§ **Requirement**: The records below must be transcribed exactly. Do not include the pictures.

§ **Records**:
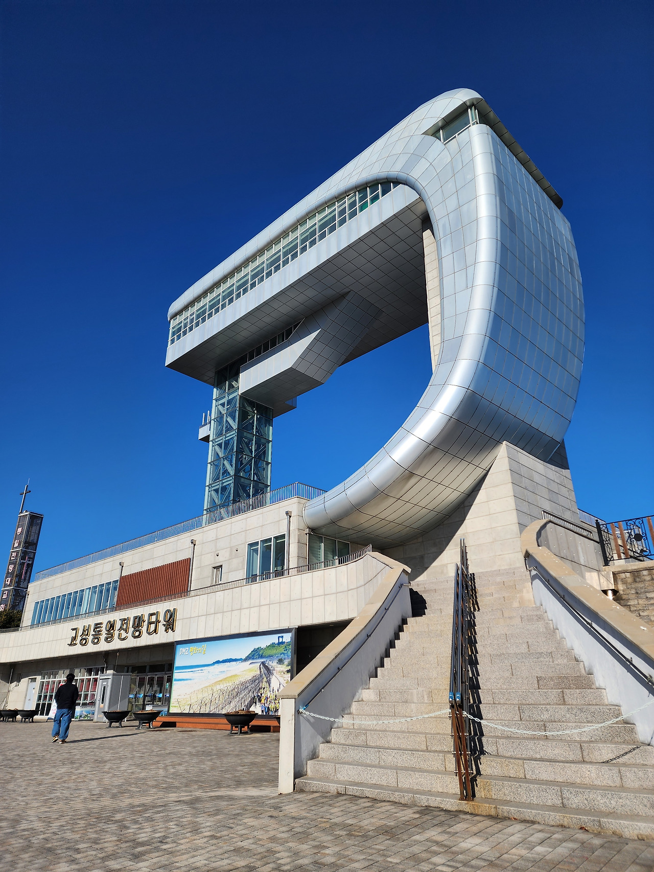 전망대는 DMZ(Demilitarized Zone)의 D 모양을 하고 있습니다. 아무도 들어갈 수 없는 비무장지대에는 희귀한 동식물이 많다고 해요. 생명의 천국 같은 곳임에도 한국전쟁 때 설치한 지뢰가 아직 남아있어요. 덩치가 큰 동물의 목숨을 한순간에 앗아가기도 하죠. 겉으로는 조화로워 보이지만 위험이 도사리고 있는 게 꼭 우리나라와 닮았어요. 평소에는 아무렇지 않다가 날아오는 오물풍선과 삐라에 신경을 곤두세우는 모습처럼요.
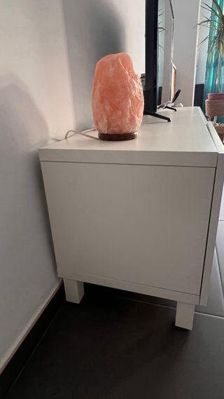 Mueble de salón Besta de Ikea en color blanco. Cuenta con tres puertas para almacenamiento. Uno de los gabinetes con balda. Se vende con o sin patas. - Diseño moderno y funcional. - Amplio espacio interior. - Se puede colgar suspendido * tiene una picadita en la parte posterior pero no se ve en absoluto con el TV delante (adjunto foto)
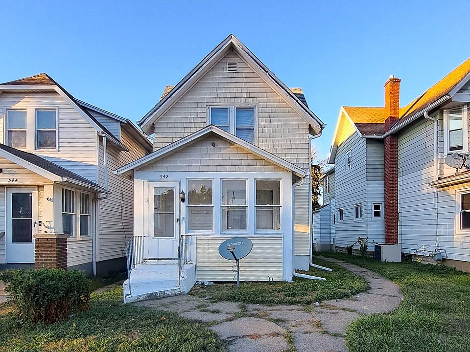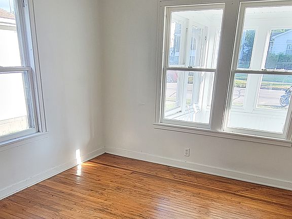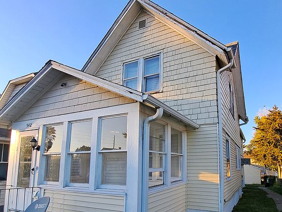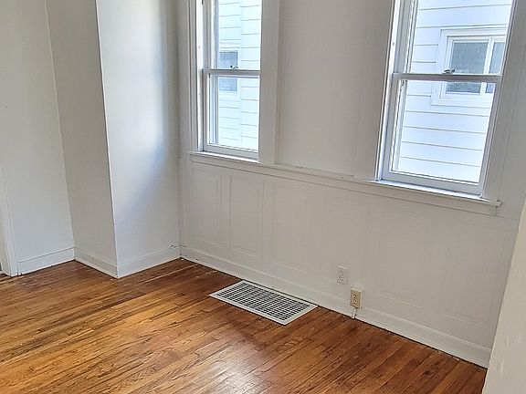 Clean and bright 4-bedroom house with detached garage. Recently repainted exterior and enclosed front porch. Crisp white walls are warmed by original hardwood floors throughout much of the home including front living room and formal dining room with walk-in closet under stairs. Kitchen sports lots of white cabinets and generous counter space, newer vinyl plank flooring, and includes fridge and oven range. Rear first floor bedroom with newer vinyl flooring, 2 closets, and lots of windows. Upstairs are 3 more bedrooms. One carpeted, the second captive with hardwood flooring, and the third adjacent to the spacious jack and jill bathroom with combo tub/shower and linen closet. Ceilings fans throughout. Unfinished basement with laundry hookups. Detached garage facing back alley.
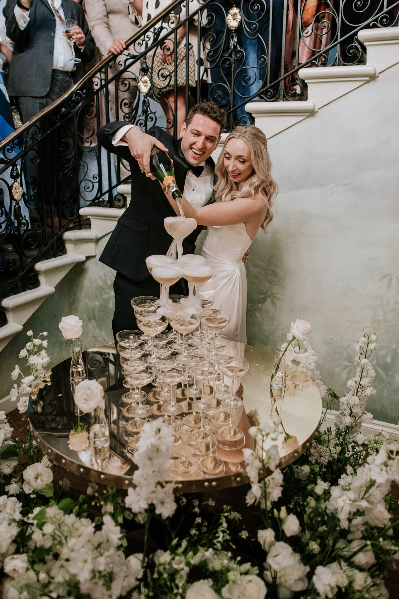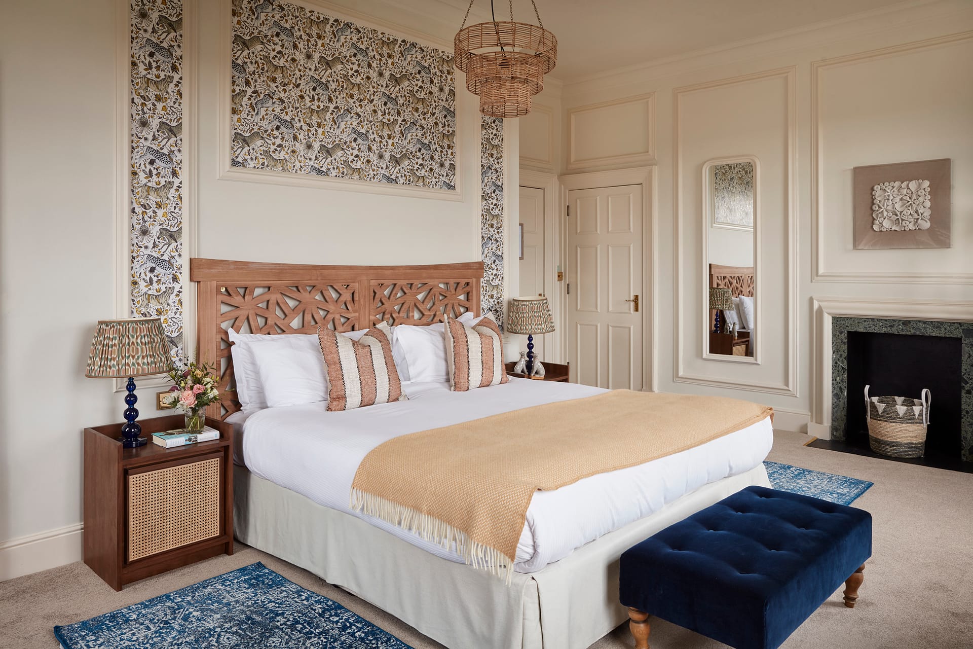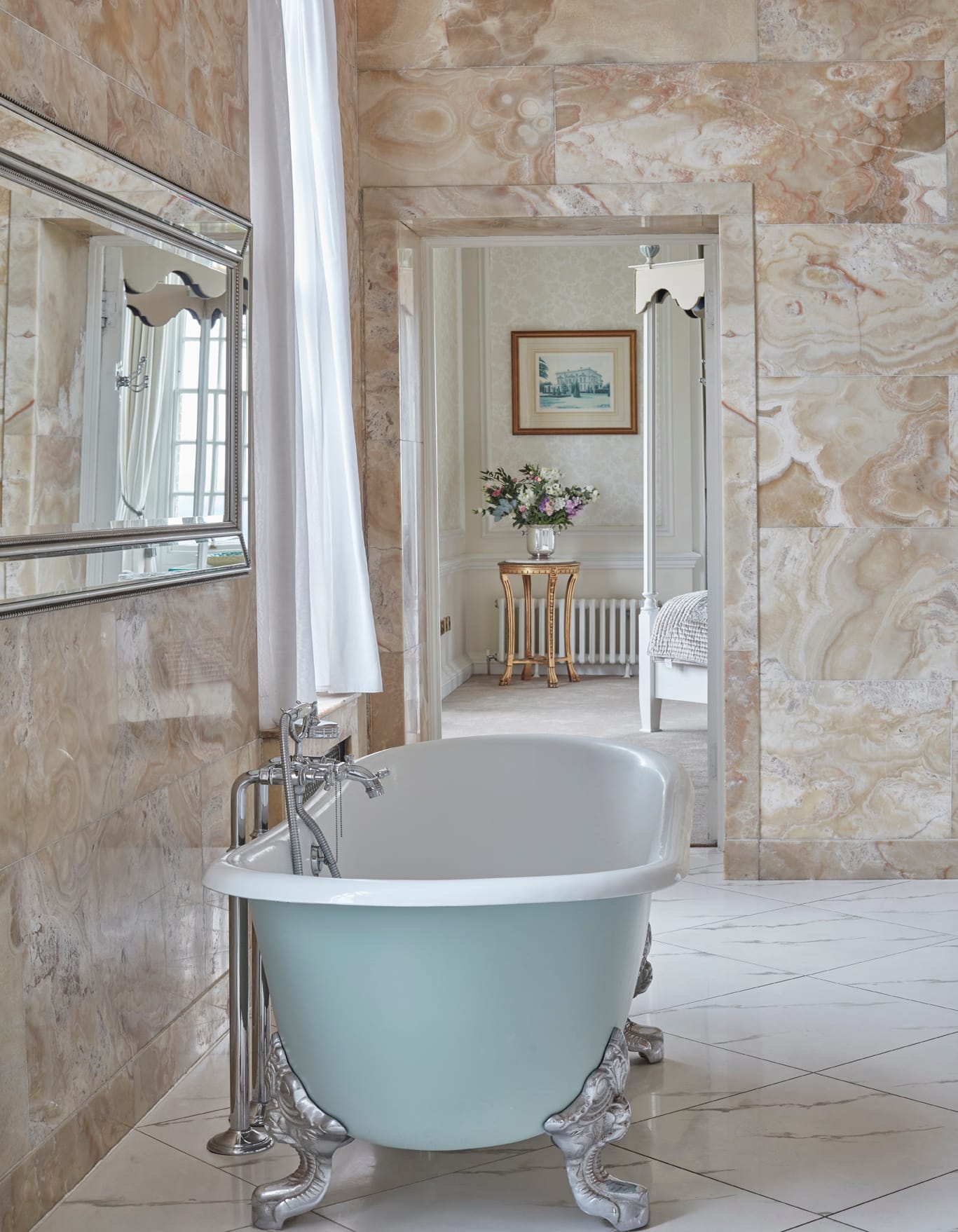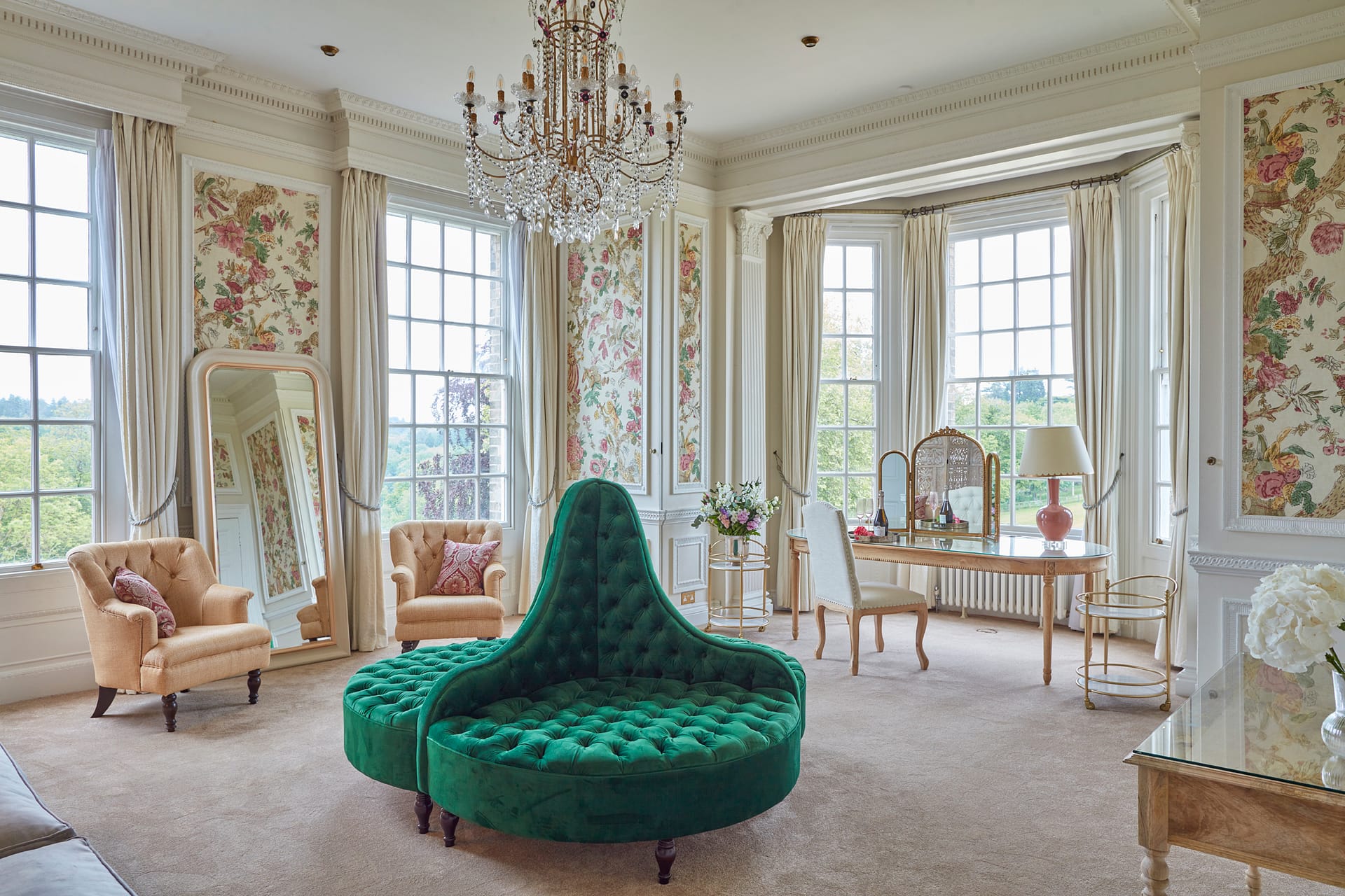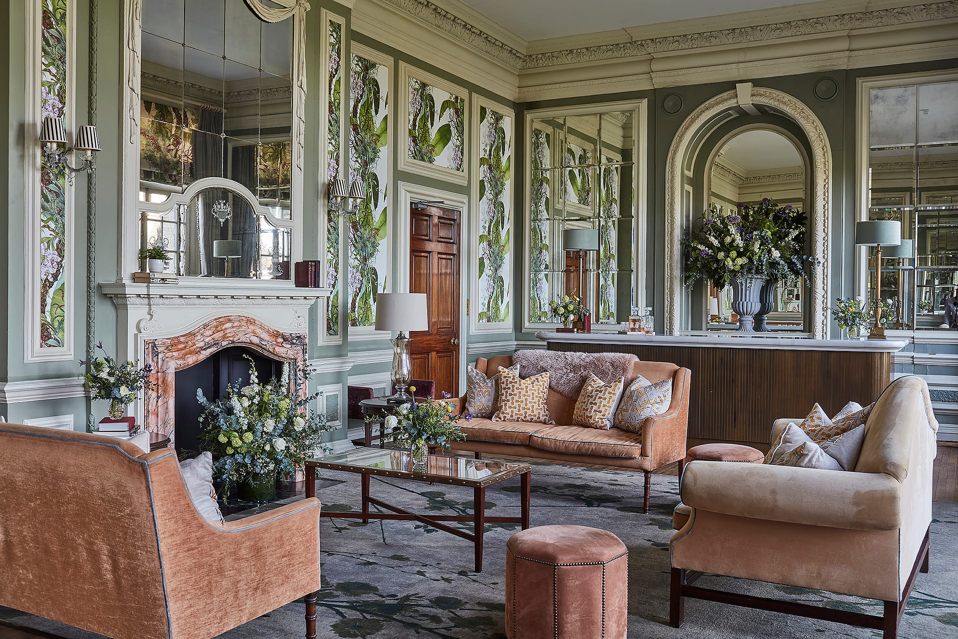 Elsewhere, the Wedding Suite (the largest in Europe, no less) is home to honeyed onyx, a clawfoot bath and soft natural light. The Drawing Room opens out onto the South Lawn for post-ceremony drinks. The Boudoir offers a smaller, calm space for intimate ceremonies or quiet moments. The Library becomes breakfast HQ the next morning. And the mirrored Willingdon Bar is where the evening begins — and often ends — in earnest (I really loved the vibe in here, and the patterned wallpaper!).
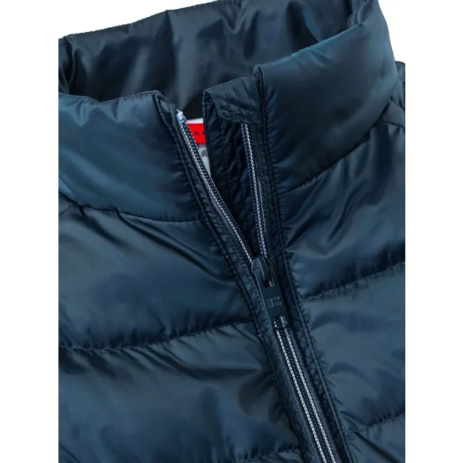 100% poliestere. Tessuto DWR ad alte prestazioni trattato con Aquapel di Nanotex senza fluoro e PFC . Gilet con imbottitura Dupont Sorona. Collo alto con protezione per il mento e pattina antivento interna, zip, fodera e dettagli a contrasto. 2 tasche laterali e 1 tasca interna con zip, Orlo regolabile con coulisse. Discreto accesso per decorazioni sul lato interno sinistro del torace.

§ **Solution to the problem**:
 전망대는 DMZ(Demilitarized Zone)의 D 모양을 하고 있습니다. 아무도 들어갈 수 없는 비무장지대에는 희귀한 동식물이 많다고 해요. 생명의 천국 같은 곳임에도 한국전쟁 때 설치한 지뢰가 아직 남아있어요. 덩치가 큰 동물의 목숨을 한순간에 앗아가기도 하죠. 겉으로는 조화로워 보이지만 위험이 도사리고 있는 게 꼭 우리나라와 닮았어요. 평소에는 아무렇지 않다가 날아오는 오물풍선과 삐라에 신경을 곤두세우는 모습처럼요.
 Mueble de salón Besta de Ikea en color blanco. Cuenta con tres puertas para almacenamiento. Uno de los gabinetes con balda. Se vende con o sin patas. - Diseño moderno y funcional. - Amplio espacio interior. - Se puede colgar suspendido * tiene una picadita en la parte posterior pero no se ve en absoluto con el TV delante (adjunto foto)
 Clean and bright 4-bedroom house with detached garage. Recently repainted exterior and enclosed front porch. Crisp white walls are warmed by original hardwood floors throughout much of the home including front living room and formal dining room with walk-in closet under stairs. Kitchen sports lots of white cabinets and generous counter space, newer vinyl plank flooring, and includes fridge and oven range. Rear first floor bedroom with newer vinyl flooring, 2 closets, and lots of windows. Upstairs are 3 more bedrooms. One carpeted, the second captive with hardwood flooring, and the third adjacent to the spacious jack and jill bathroom with combo tub/shower and linen closet. Ceilings fans throughout. Unfinished basement with laundry hookups. Detached garage facing back alley.
 Elsewhere, the Wedding Suite (the largest in Europe, no less) is home to honeyed onyx, a clawfoot bath and soft natural light. The Drawing Room opens out onto the South Lawn for post-ceremony drinks. The Boudoir offers a smaller, calm space for intimate ceremonies or quiet moments. The Library becomes breakfast HQ the next morning. And the mirrored Willingdon Bar is where the evening begins — and often ends — in earnest (I really loved the vibe in here, and the patterned wallpaper!).
 100% poliestere. Tessuto DWR ad alte prestazioni trattato con Aquapel di Nanotex senza fluoro e PFC . Gilet con imbottitura Dupont Sorona. Collo alto con protezione per il mento e pattina antivento interna, zip, fodera e dettagli a contrasto. 2 tasche laterali e 1 tasca interna con zip, Orlo regolabile con coulisse. Discreto accesso per decorazioni sul lato interno sinistro del torace.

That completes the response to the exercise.